# Blackwater USA canvassing support via e-mail



## The Bread Guy (27 Oct 2007)

Note:  My sharing this does NOT imply support for or opposition to this company - this is shared_* only*_ in the interests of letting people interested in military affairs know what the company is doing in light of recent media coverage.

Here's an e-mail shared with me by someone who received it (they're on the company's newsletter mailing list)....



> A Request for Your Support
> 
> The Blackwater family is comprised of dedicated and active service providers that work vigorously to support the American nation. In this tumultuous political climate, Blackwater Worldwide has taken center stage, our services and ethics aggressively challenged with misinformation and fabrications. Letters, e-mails and calls to your elected Congressional representatives can and will create a positive impact by influencing the manner in which they gather and present information.
> 
> ...


----------



## edgar (28 Oct 2007)

It's interesting how these guys seem to have a regimental family. When threatened they mobilize the Honoraries and alumni just like any other unit. Combat makes it so I think. Any security company I worked for had more in common with McDonald's than a regiment.


----------



## Greymatters (29 Oct 2007)

Why would anyone want to support an organization that maintains such a blank face of anonymity? this is pretty much teh message they send out...

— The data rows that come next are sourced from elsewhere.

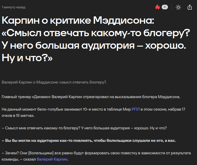 Если в «Динамо» реально хотят назначить Черчесова (это вообще пидец, тотальный физрук, ещё и на всю башку пиданутый, просто уе*ан невероятных, галактических масштабов), то я полностью за Карпина! Мне нравится и Осипенко, и футбол, который Карпин ставит, и превращение в «Ростов», и хамство в адрес клуба на прессухах. Остросюжетная борьба за выживание – просто отлично, интересно смотреть. Валерий Георгиевич, я с вами! Вам надо дать поработать — стример Илья Мэддисон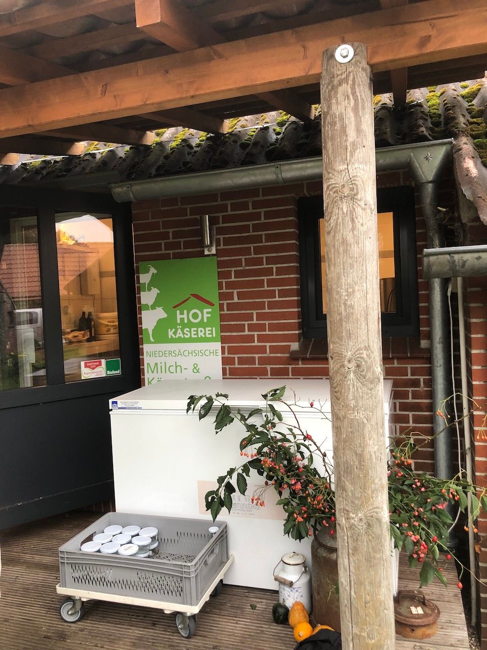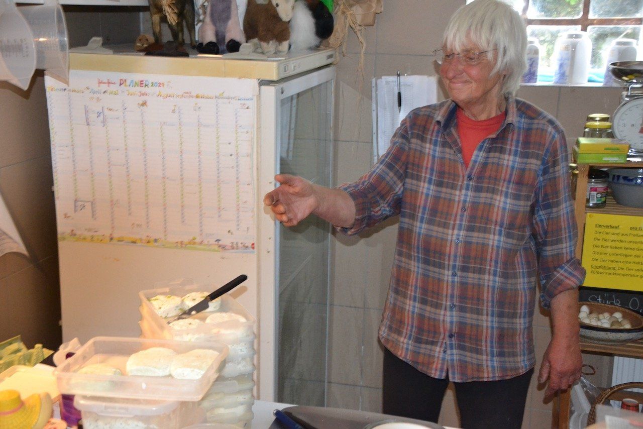 Cornelia Hoepfner betreibt den kleinen Hof dort seit über 13 Jahren. Vorher war die gelernte Erzieherin, Sozialpädagogin und Heilpädagogin unter anderem an der BBS Wilhelmshaven tätig. Aber irgendwann war es dann mal genug. Ein neuer Lebensentwurf musste her. Und da kam das Angebot, den Hof am Rande von Schortens zu übernehmen, für sie genau recht. Derzeit leben hier etwa 20 Ziegen, einige Schafe, viele Hühner der unterschiedlichsten Rassen, Katzen und ein alter Hund. Eine schöne und überaus idyllische Gemeinschaft. Die Ziegen geben im Schnitt rund 10 Liter Milch am Tag. Und Hoepfner macht daraus in ihrer kleinen Käserei tolle Käseprodukte.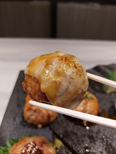 平日の17:00~お店にいったけど、比較的空いていて過ごしやすかったです。つくね盛り合わせ 9個注文しました。ボリュームあってつくねジューシーで美味しい。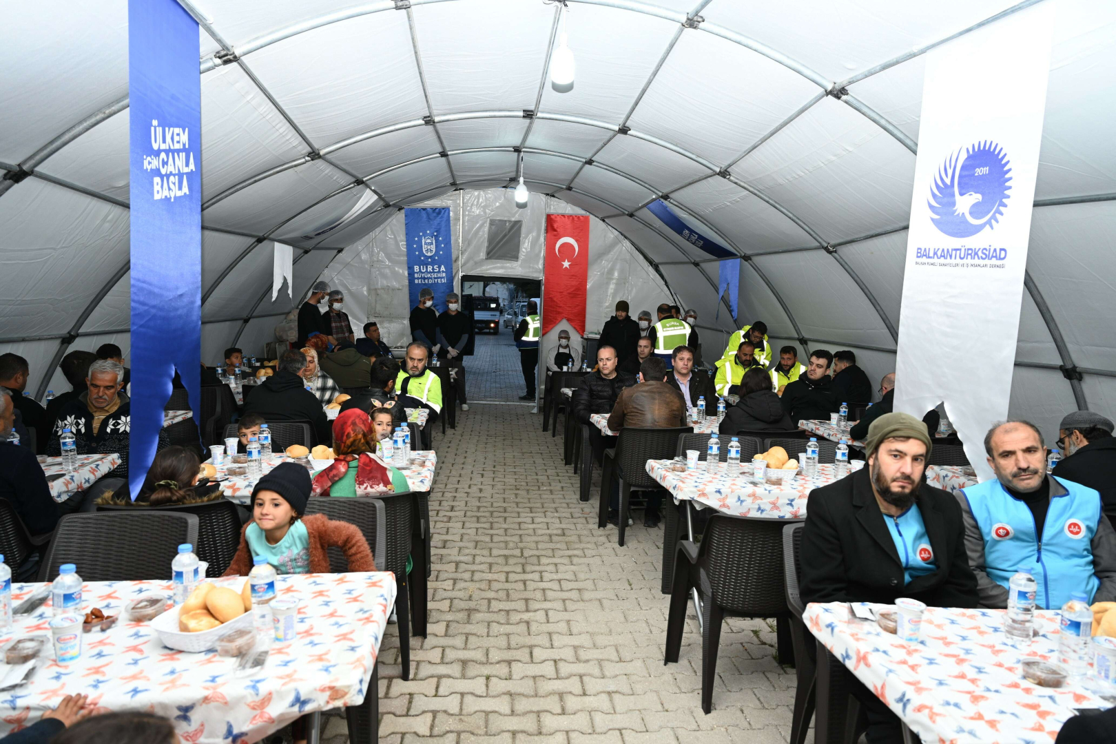 Bursa Büyükşehir Belediyesi, Bursalı hayırseverlerin de katkılarıyla Hatay’da 3 ayrı noktaya kurduğu iftar çadırlarında her gün 2 bin kişiye iftar ve sahur yemeği veriyor.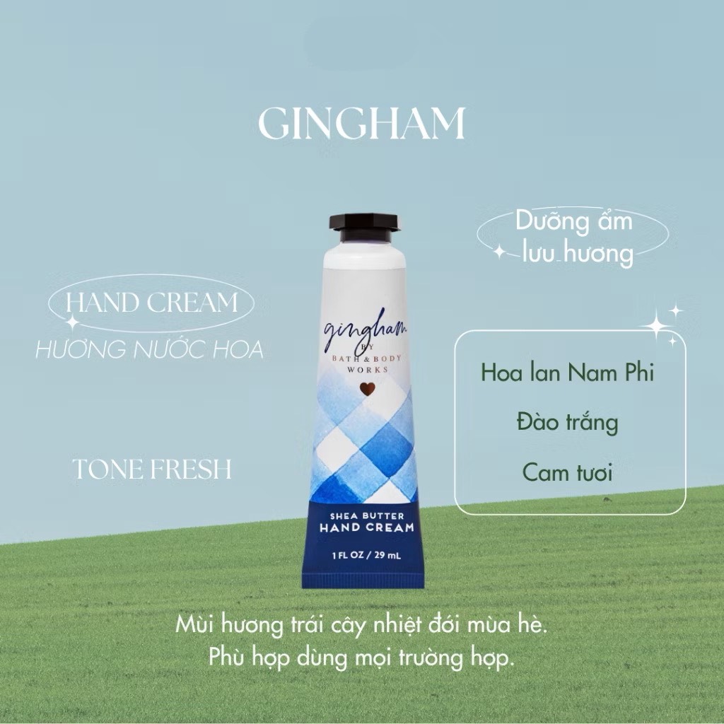 - Kem dưỡng da tay BBW nhỏ nhắn phù hợp mang theo mọi nơi. Đặc biệt là trong mùa dịch phải thường xuyên sát khuẩn dễ khiến da tay bị khô, đừng quên thủ sẵn tuýp kem để luôn giữ cho tay mềm mại.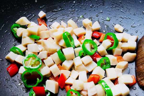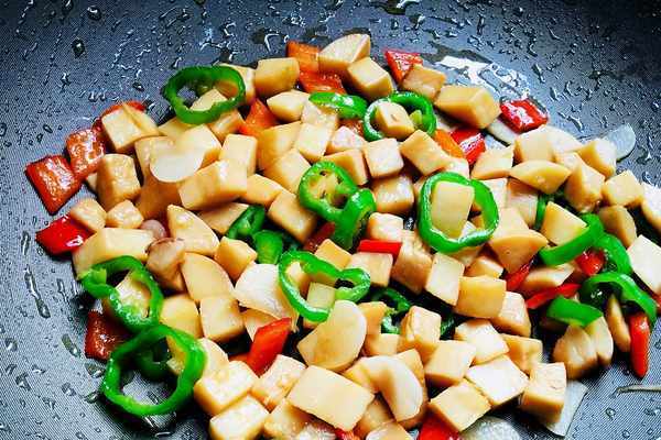 第五步:下入杏鮑菇丁,繼續翻炒30秒入味。

"Hi we're from Blackwater.  We wont tell you who we are or how to talk to us. And we dont want you to call us by phone, preferably you can just send us an email to a blank generic email address.  We also wont tell you who our board of directors are, or our owners, or our leading commanders.  We also wont show you any company fiscal or performance reports, or explain exactly what we do on overseas operations.  But trust us, we're a great bunch of guys and we deserve your support."

These guys need some serious PR and marketing advice...


----------



## tomahawk6 (29 Oct 2007)

When you are good you just dont need PR.


----------



## Greymatters (29 Oct 2007)

tomahawk6 said:
			
		

> When you are good you just dont need PR.



You can be as good as you want, nobody trusts an anonymous face unless there is a reputation for trust there.  Blackwater has deliberately created a low-profile for themselves and their staff, all part of the company image they wanted to project, but its an image that never works well with public opinion-dependent campaigns.


----------



## KevinB (30 Oct 2007)

Please Mr. Greymatter - fill us with your wisdom on other PMC's that have a high profile media image?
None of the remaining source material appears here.